Évariste de Parny, Les Chansons madécasses

Notice, présentation et texte

Serge Meitinger




Évariste de Parny (1753-1814)

Le chevalier, puis vicomte de Parny est né à l’île Bourbon dans l’une des premières familles de la colonie. Envoyé à l’âge de neuf ans en France pour y faire ses études au collège de Rennes, il rejoint ensuite l’École militaire à Paris. Il devient officier de la garde de Louis XV et capitaine de dragons, et il sera reçu, à ce titre, dans l’intimité de Louis XVI et de Marie-Antoinette.

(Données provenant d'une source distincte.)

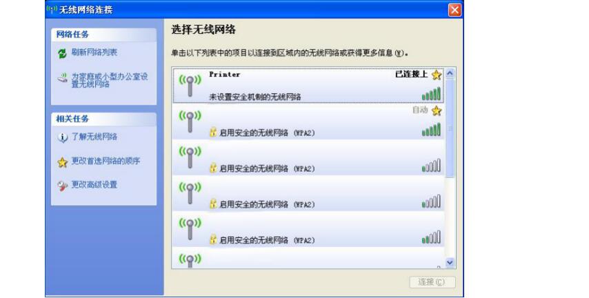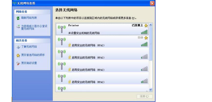 ②搜索当前无线网络,查找到“Printer”打印机设备,点击“连接”连接到打印机;
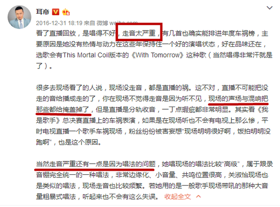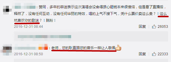 但也有去现场看过的观众表示,现场听起来很好,现场和直播的效果是有很大差距的。
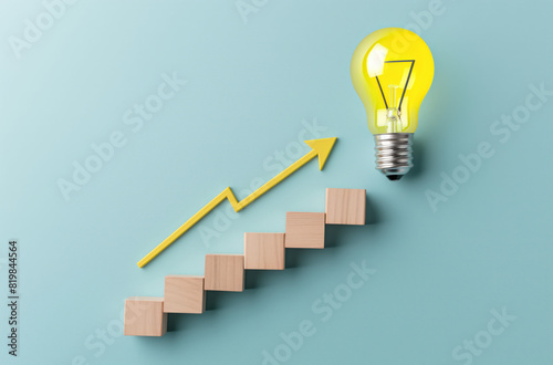 Creative Business Growth Concept with Yellow Lightbulb and Arrow
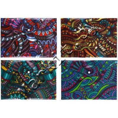 Папка-конверт пластиковая на кнопке Ethnics, толщина пластика 0,18 мм, ассорти Код: 32875
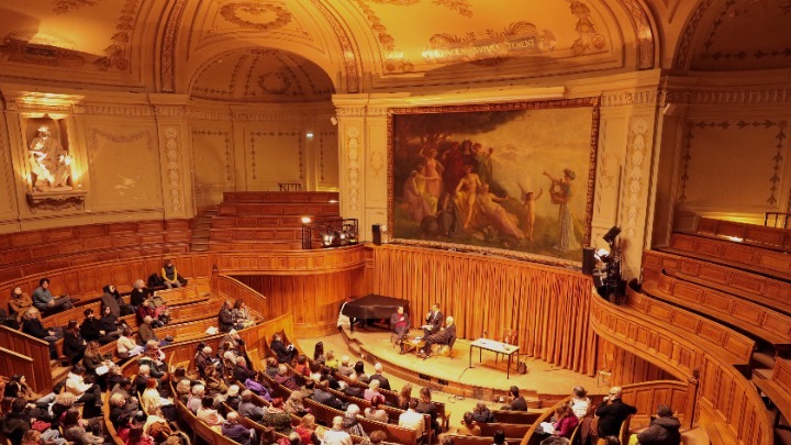 Κατάμεστο το αμφιθέατρο Richelieu του ιστορικού πανεπιστημίου της Σορβόννης, το βράδυ της Δευτέρας 15 Ιανουαρίου, για την εκδήλωση «L'héritage des mythes» με θέμα τους αρχαίους ελληνικούς μύθους στις τέχνες και τα γράμματα, που διοργάνωσε το Ελληνικό Ίδρυμα Πολιτισμού στο Παρίσι, σε συνεργασία με το Τμήμα Νεοελληνικών Σπουδών του Πανεπιστημίου της Σορβόννης και τον πολιτιστικό οργανισμό Delphys.
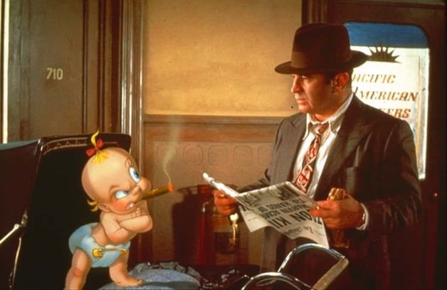 Bebé Herman y Bob Hoskins en “Quién engañó a Roger Rabbit”, 1988.
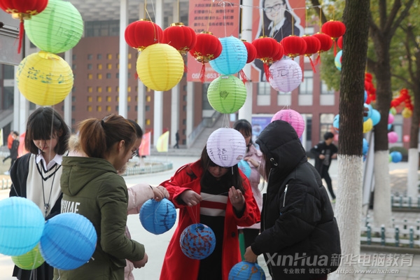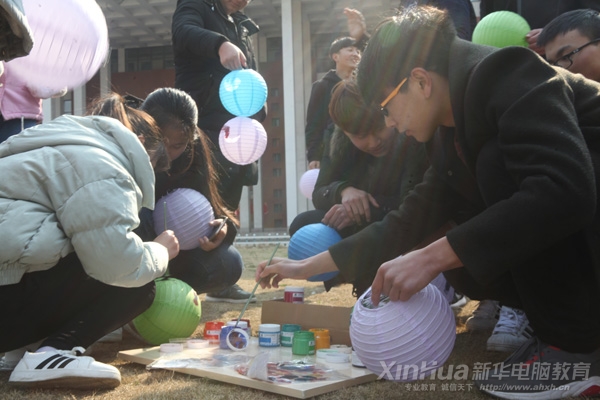 燈籠,一直是古代的吉祥物,尤其是在元宵佳節,都會有逛燈會、看花燈的習俗。可是在安徽新華電腦專修學院,大家可不是簡單的賞花燈,而是集體出動DIY自己的元宵彩燈!那些圓滾滾的燈籠,在學院師生們的筆下,一個個穿上了各式各樣美麗的新衣,仿佛被賦予了靈魂,爭著搶著要把光鮮亮麗的身姿展現出來,每一盞燈籠都傳遞著對新的一年生活圓滿,愿望成真的向往和追逐!

Sa famille le rappelle à l’île Bourbon en 1773, il a vingt ans. Il conçoit pour une jeune fille de l’île (qu’il nomme Éléonore) une passion d’autant plus propre à nourrir son inspiration poétique qu’elle est contrariée. Désespéré de ne pouvoir épouser celle qu’il aime il revient en France (1775-1776). Il chante ces amours malheureuses dans des Poésies érotiques (1778) qui ont séduit le public de la fin du XVIIIème siècle par leur ton élégiaque et vaguement exotique. L’évolution de la langue rend le titre de ce recueil plus équivoque qu’il ne l’est bien que des indices assez subtils donnent parfois à ce lyrisme élégiaque une discrète touche grivoise. Au retour de Pondichéry où il est envoyé comme aide de camp, il publie ses Chansons madécasses (1787) qui sont parmi les premiers poèmes en prose publiés en français et il s’abandonne à une inspiration gracieuse et sensuelle. À partir de 1795, il occupera divers emplois administratifs et renoncera à sa particule. Il a été longtemps célèbre pour la virulence anticléricale et l’impiété philosophique de son poème La Guerre des dieux (1799), qui est aussi un témoignage sur les mœurs dissolues du Directoire. En 1803, Parny est reçu à l’Académie française, l’Empereur lui accorde une pension et il termine sa vie dans la plus grande gloire.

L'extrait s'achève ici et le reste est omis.